#### Recorded data
┌────────

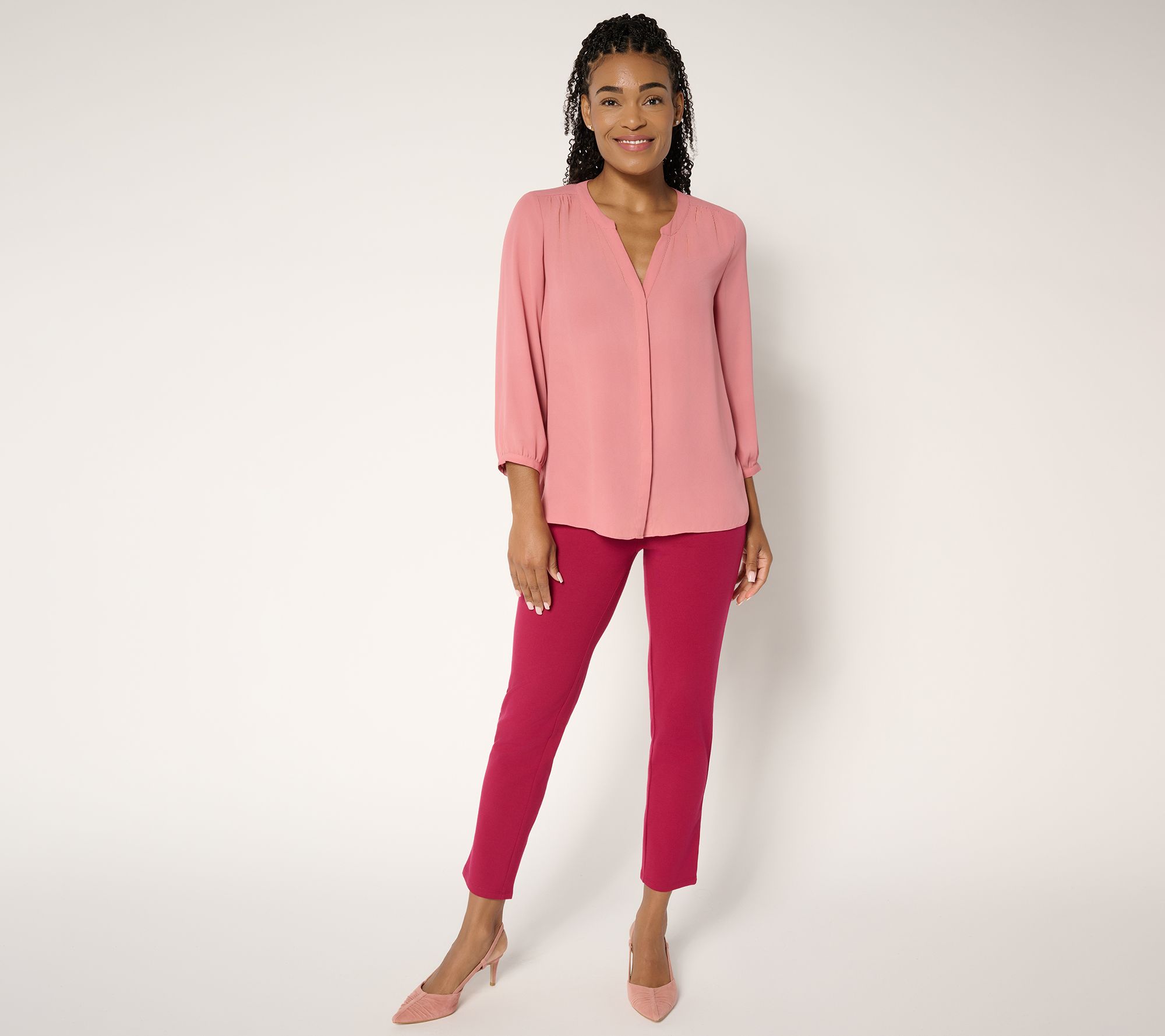An easy way to stay comfortable (and looking chic!) on busy days, these 86/14 slim leg ankle pants feel great with flexible knit stretch and a contoured elastic waistband. Whether dressing up for work or running errands, the fitted silhouette pairs well with flats, loafers, sneak, or booties for all-day style and ease. From Women with Control®.
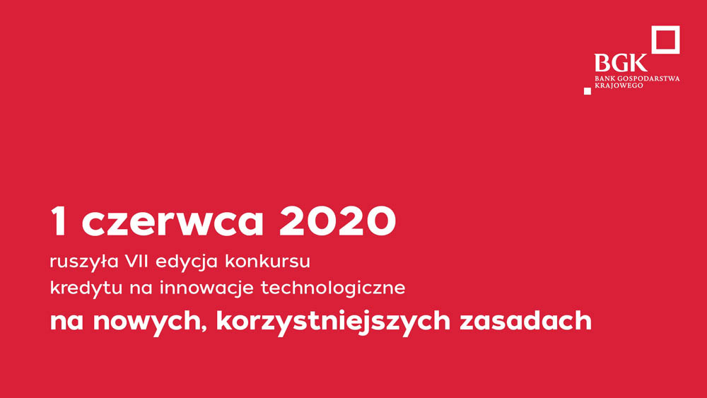 Bank Gospodarstwa Krajowego od 1 czerwca przyjmuje wnioski o kredyt na innowacje technologiczne na znacznie korzystniejszych zasadach. Tarcza antykryzysowa wprowadziła ułatwienia w zasadach ubiegania się o premię technologiczną. Są to: zniesienie wymogu innowacyjności w skali kraju, poszerzony katalog kosztów kwalifikowalnych oraz zniesienie limitu dofinansowania wynoszącego 6 mln zł. Dzięki temu więcej firm będzie mogło się ubiegać o dotację.
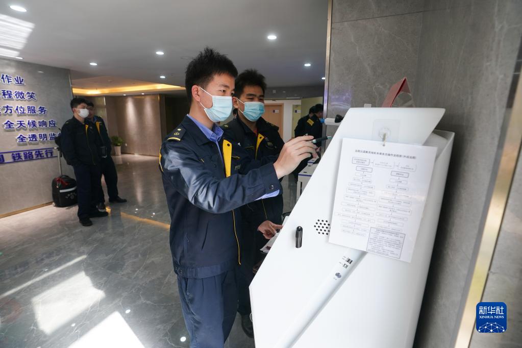 3月15日,在南京行車(chē)公寓,列車(chē)乘務(wù)人員使用自助出退勤一體機錄入信息。
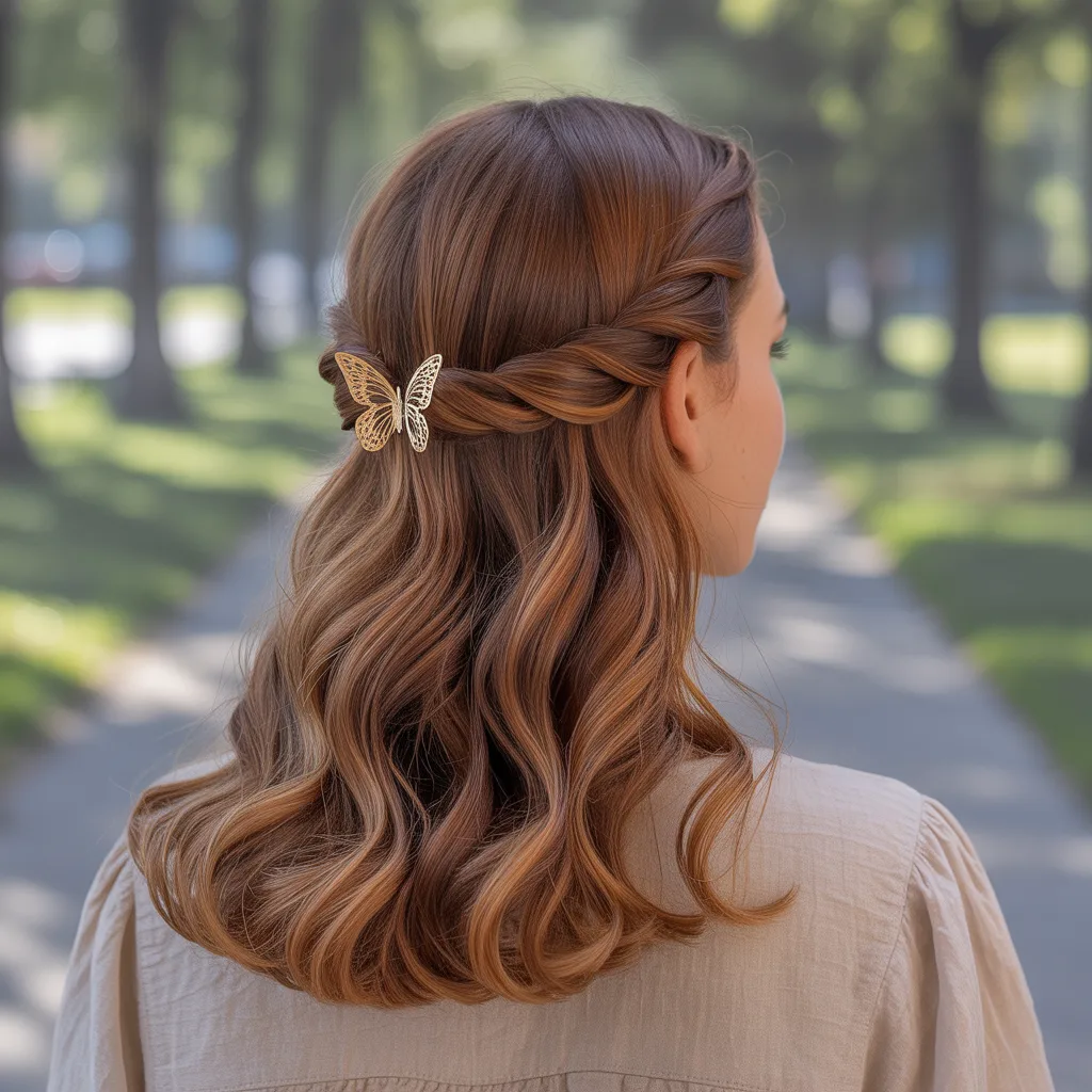 A half-up half-down look is a widely loved choice for many occasions. It keeps hair away from the face while still showing off its full length.
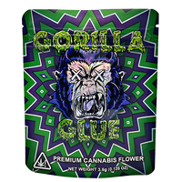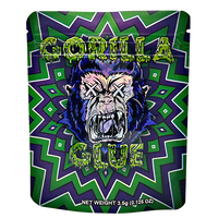 Order custom printed 3.5 gram mylar pouches - smell proof, moisture proof, and heat sealable for maximum freshness. Designed for eighth ounce herb flower in dispensaries, wholesale, and retail packaging. Featuring the eye-catching Gorilla Glue theme for standout presentation Offered at competitive wholesale rates with quick shipping across the country.
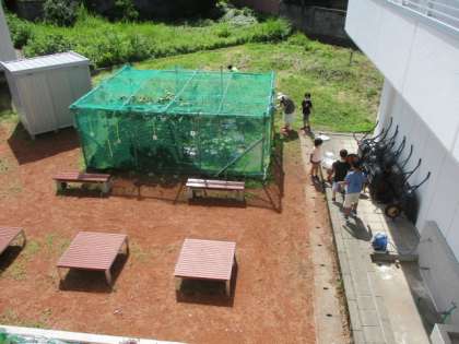 先週の金曜日、2年生が夏野菜を作っている畑が、またサルの襲撃を受けました。教頭先生が現場を確認しに行った時には、まだ子ザルが畑の囲いから逃げ出すことができず、母ザルと教頭先生とが遭遇したようです。ここのところ学校周辺の住宅地へえさを求めてやってくるサルですが、子どもたちは刺激しないように指導します。
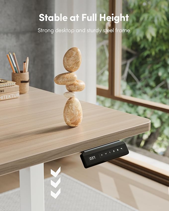 • 4 Memory Height Presets: The Fezibo Electric Standing desk features an intuitive LED controller for quiet operation. It allows you to save up to 4 custom height settings to seamlessly switch between your preferred heights, ensuring you have a focused, distraction-free workspace.
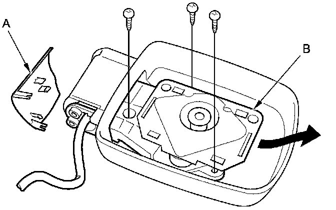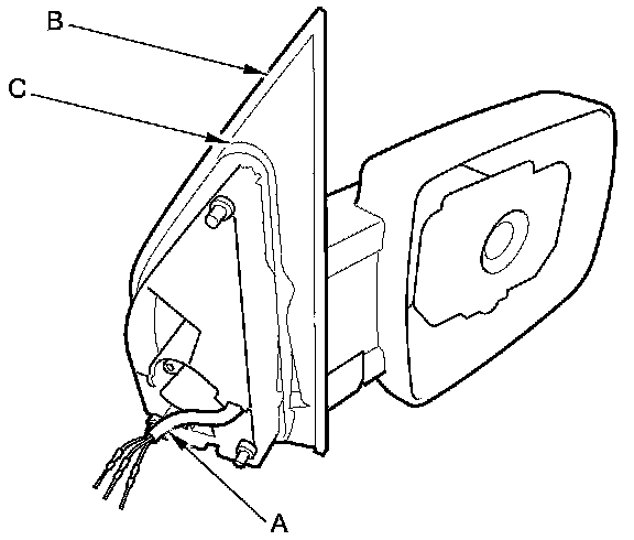 6. Remove the three screws (A), and separate the mirror housing (B) from the bracket (C).
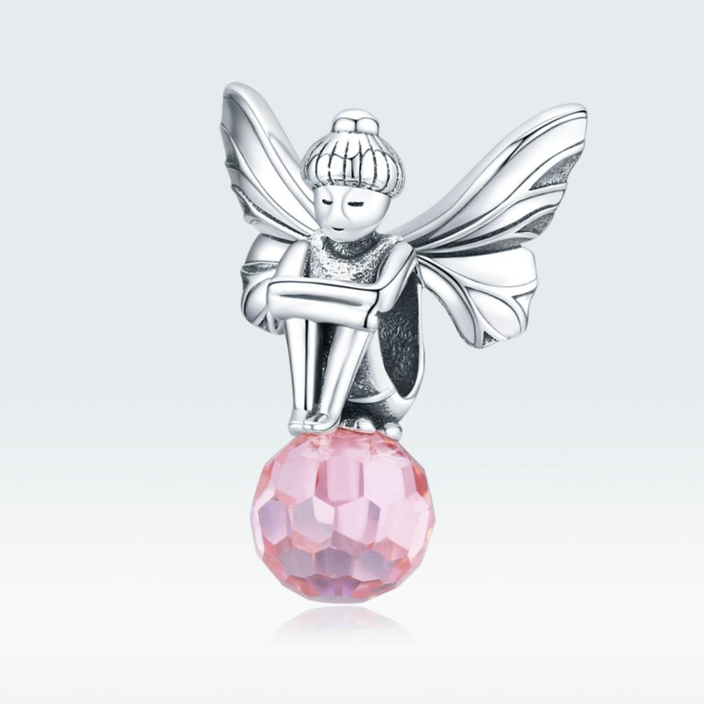 925 Sterling Silver Flower Fairy Beaded Pink Glass Zircon Bracelet Accessories
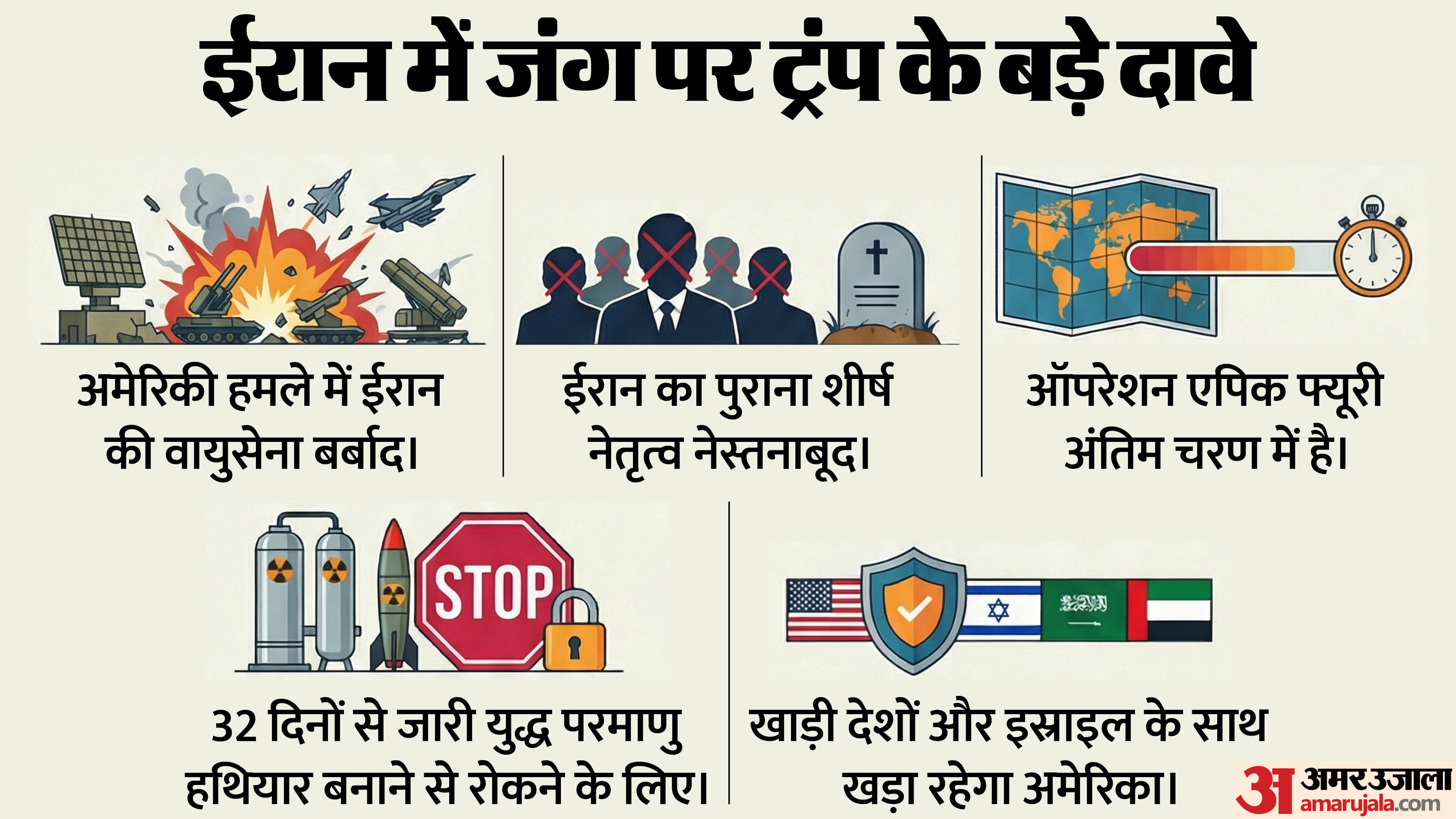 ईरान की सैन्य क्षमता नष्ट: उन्होंने दावा किया कि ईरान की सैन्य क्षमताएं लगभग खत्म कर दी गई हैं। उन्होंने कहा कि ईरानी नौसेना समाप्त हो चुकी है, वायुसेना कमजोर पड़ गई है और मिसाइल भंडार को भारी नुकसान पहुंचा है।

└────────

#### Aim of the exercise
Only the lines from the one containing "3月15日,在南京行車(ch" through the final line of the records should be retyped, exactly, with every picture omitted.

#### Answer to the exercise
 3月15日,在南京行車(chē)公寓,列車(chē)乘務(wù)人員使用自助出退勤一體機錄入信息。
 A half-up half-down look is a widely loved choice for many occasions. It keeps hair away from the face while still showing off its full length.
 Order custom printed 3.5 gram mylar pouches - smell proof, moisture proof, and heat sealable for maximum freshness. Designed for eighth ounce herb flower in dispensaries, wholesale, and retail packaging. Featuring the eye-catching Gorilla Glue theme for standout presentation Offered at competitive wholesale rates with quick shipping across the country.
 先週の金曜日、2年生が夏野菜を作っている畑が、またサルの襲撃を受けました。教頭先生が現場を確認しに行った時には、まだ子ザルが畑の囲いから逃げ出すことができず、母ザルと教頭先生とが遭遇したようです。ここのところ学校周辺の住宅地へえさを求めてやってくるサルですが、子どもたちは刺激しないように指導します。
 • 4 Memory Height Presets: The Fezibo Electric Standing desk features an intuitive LED controller for quiet operation. It allows you to save up to 4 custom height settings to seamlessly switch between your preferred heights, ensuring you have a focused, distraction-free workspace.
 6. Remove the three screws (A), and separate the mirror housing (B) from the bracket (C).
 925 Sterling Silver Flower Fairy Beaded Pink Glass Zircon Bracelet Accessories
 ईरान की सैन्य क्षमता नष्ट: उन्होंने दावा किया कि ईरान की सैन्य क्षमताएं लगभग खत्म कर दी गई हैं। उन्होंने कहा कि ईरानी नौसेना समाप्त हो चुकी है, वायुसेना कमजोर पड़ गई है और मिसाइल भंडार को भारी नुकसान पहुंचा है।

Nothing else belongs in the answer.